OP : « Esprit Sagan », notre première collaboration commune, aura ouvert le champ à une grande amitié professionnelle. Après cette opération de logements qui a battu des records de prix à Paris, nous planchons ensemble sur des sujets très différents. À l’instar de ce salon de coiffure – le Salon Desfossé, avenue Matignon – que je viens de revisiter. À l’instar également de trois villas à Saint-Barthélemy dont Christian m’a confié l’architecture intérieure et pour lesquelles il a dessiné les plans.

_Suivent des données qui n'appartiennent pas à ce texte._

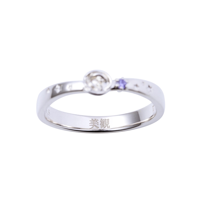 華やかなバラモチーフをデザインしたV字フォルムにイメージカラーストーンをセット。表面には美少年探偵団の6人を連想した6つの星を取り込みました。指輪の内側には「美観」を刻印。
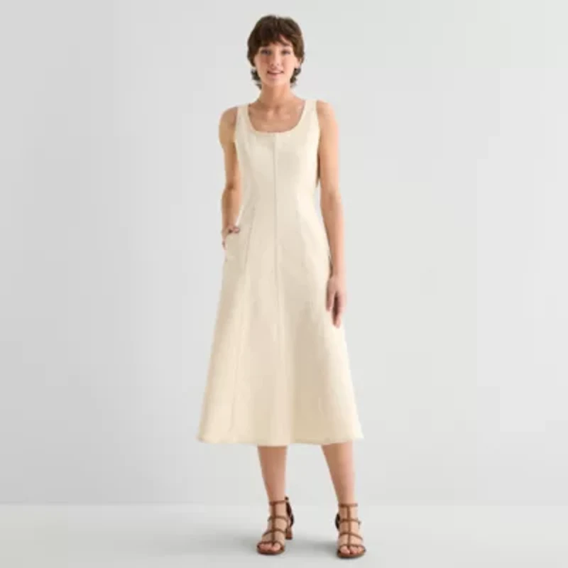a.n.a Womens Sleeveless Midi Fit + Flare Dress
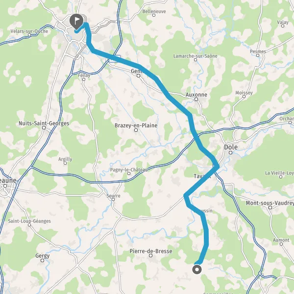 Au rond-point, prendre la 2ème sortie sur D673 (Rue de Dole) et continuer sur 1,2 kilomètre
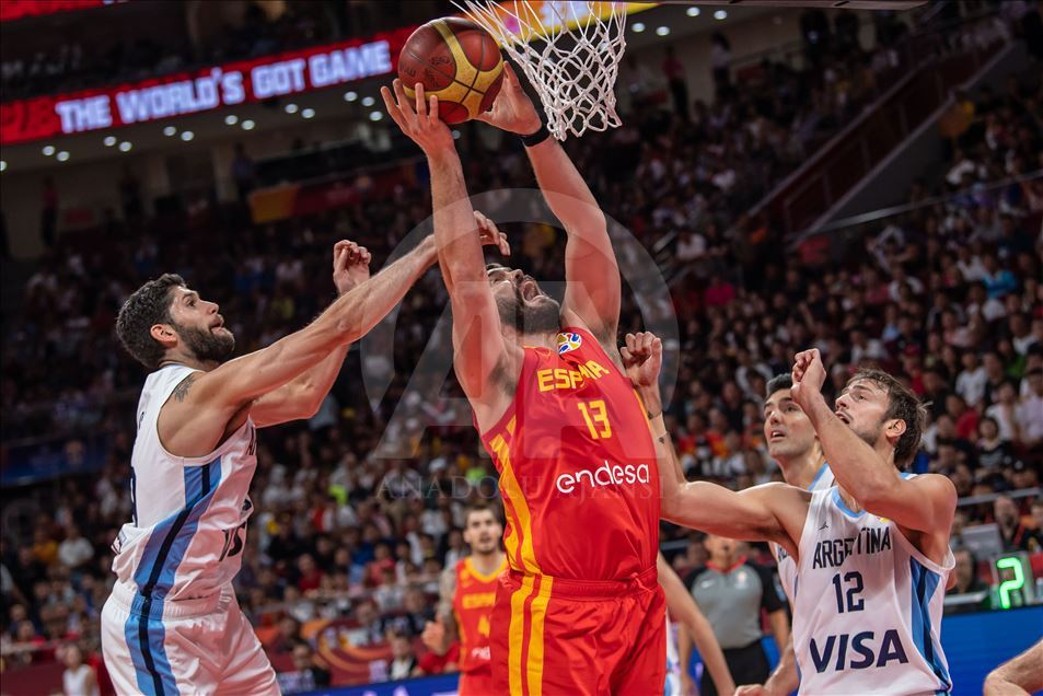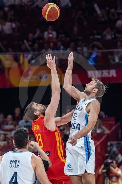 İspanya ve Arjantin Basketbol Milli takımları, Çin'in ev sahipliğinde gerçekleştirilen 2019 FIBA Dünya Kupası final maçında karşılaştı. Bir pozisyonda İspanyol oyuncu Marc Gasol (13) rakibi Marcos Delia (12) ile mücadele etti.
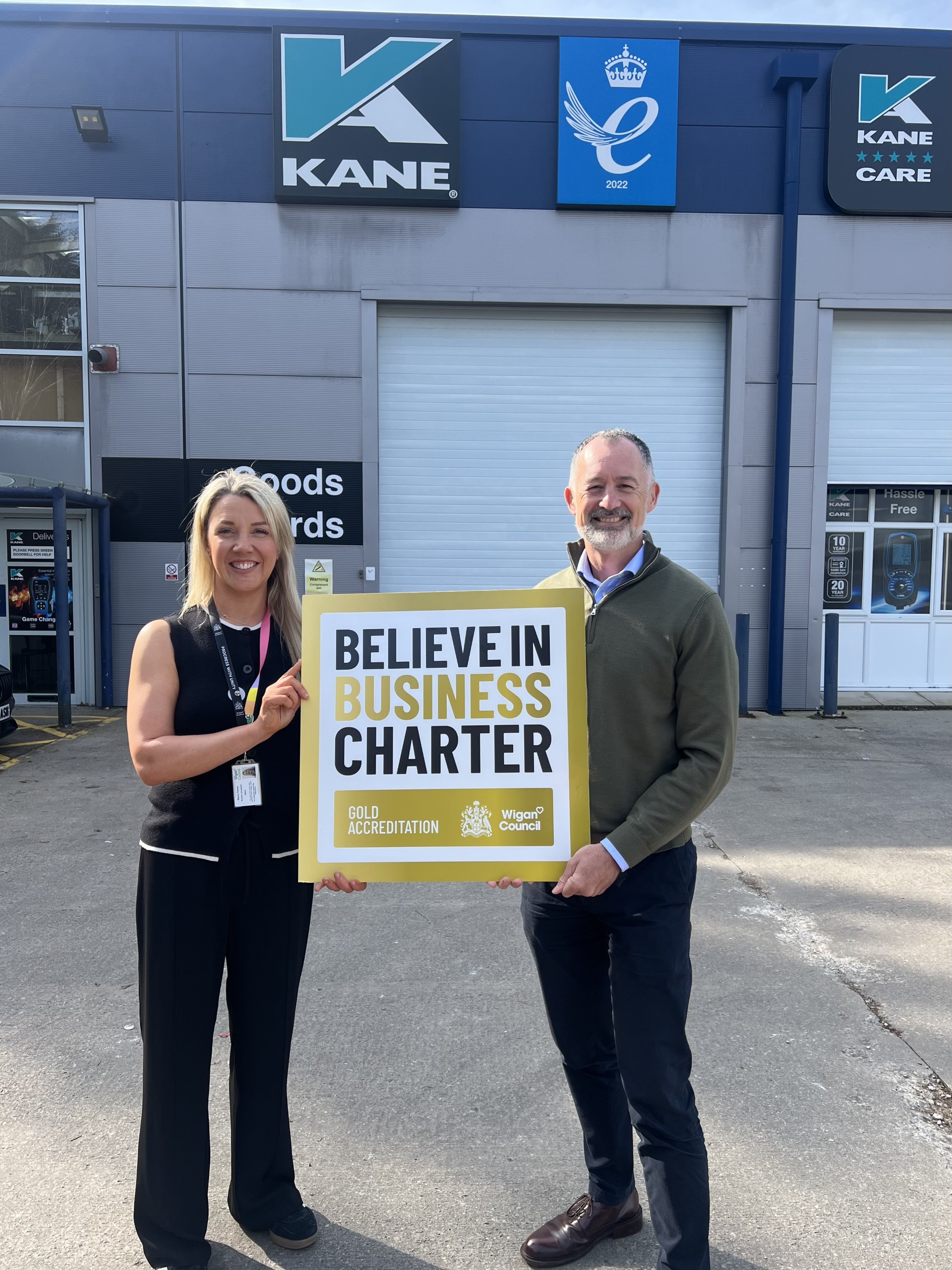 KANE is proud to announce that we have achieved Gold status in the Believe in Business Charter, recognising our ongoing commitment to supporting the local economy and community across Wigan.

CT : La première collaboration s’est tellement bien passée que j’ai voulu confier à Olivia le design de ce grand salon de coiffure auquel nous nous employons à redonner une modernité.
Par ailleurs, j’ai fait également appel à elle sur plusieurs villas à Saint-Barthélemy, une île qui souffre d’un décalage entre son image et la réalité. J’y suis retourné trois jours après le terrible ouragan et l’île était devenue grise. Un mois plus tard, cependant, la nature avait repris ses droits. Ensemble, nous allons travailler pour donner un petit coup de pouce à ce site magnifique. Et demain, avec Olivia, nous travaillerons dans d’autres domaines que celui de la promotion privée.

ii : C’est quoi pour vous le logement idéal ?

OP : J’apprécie que les promoteurs soignent de plus en plus les parties communes avec, par exemple, un hall double hauteur et une lumière sophistiquée comme le fait Christian. Entre l’offre commerciale, les émissions, les magazines, on est dans la « déco » jusqu’au cou. L’offre est tous les jours plus importante pour combler les besoins de chacun.
Il est temps de penser que le lieu où nous habitons toute l’année soit aussi bien dessiné que les hôtels où nous séjournons quelques jours par an. Il est intéressant d’apporter un regard neuf pour bousculer certaines habitudes de la promotion. Soigner chaque détail, de l’interrupteur au meuble vasque, permet d’offrir une expérience différente. C’est pourquoi décorer un lieu, imaginer un espace, le penser dans chaque détail, n’est pas futile. C’est ainsi que je conçois mon métier, comme une tentative pour embellir la vie immédiate.

CT : Le logement idéal, c’est d’abord un plan. Chez Pitch, qui réalise bon an mal an 2 500 logements, nous avons réussi à imprimer une réflexion, une culture du plan à vivre, du plan évolutif. La réalisation est un art difficile, mais tous les promoteurs ont fait beaucoup de progrès, ont réussi à upgrader leur production à un niveau très satisfaisant en France. Le volume, la lumière, le design, l’art – Pitch est l’un des partenaires fondateurs de l’initiative du ministère de la Culture, « Un immeuble, une œuvre » – constituent les éléments d’un parcours abouti, d’un chemin vertueux.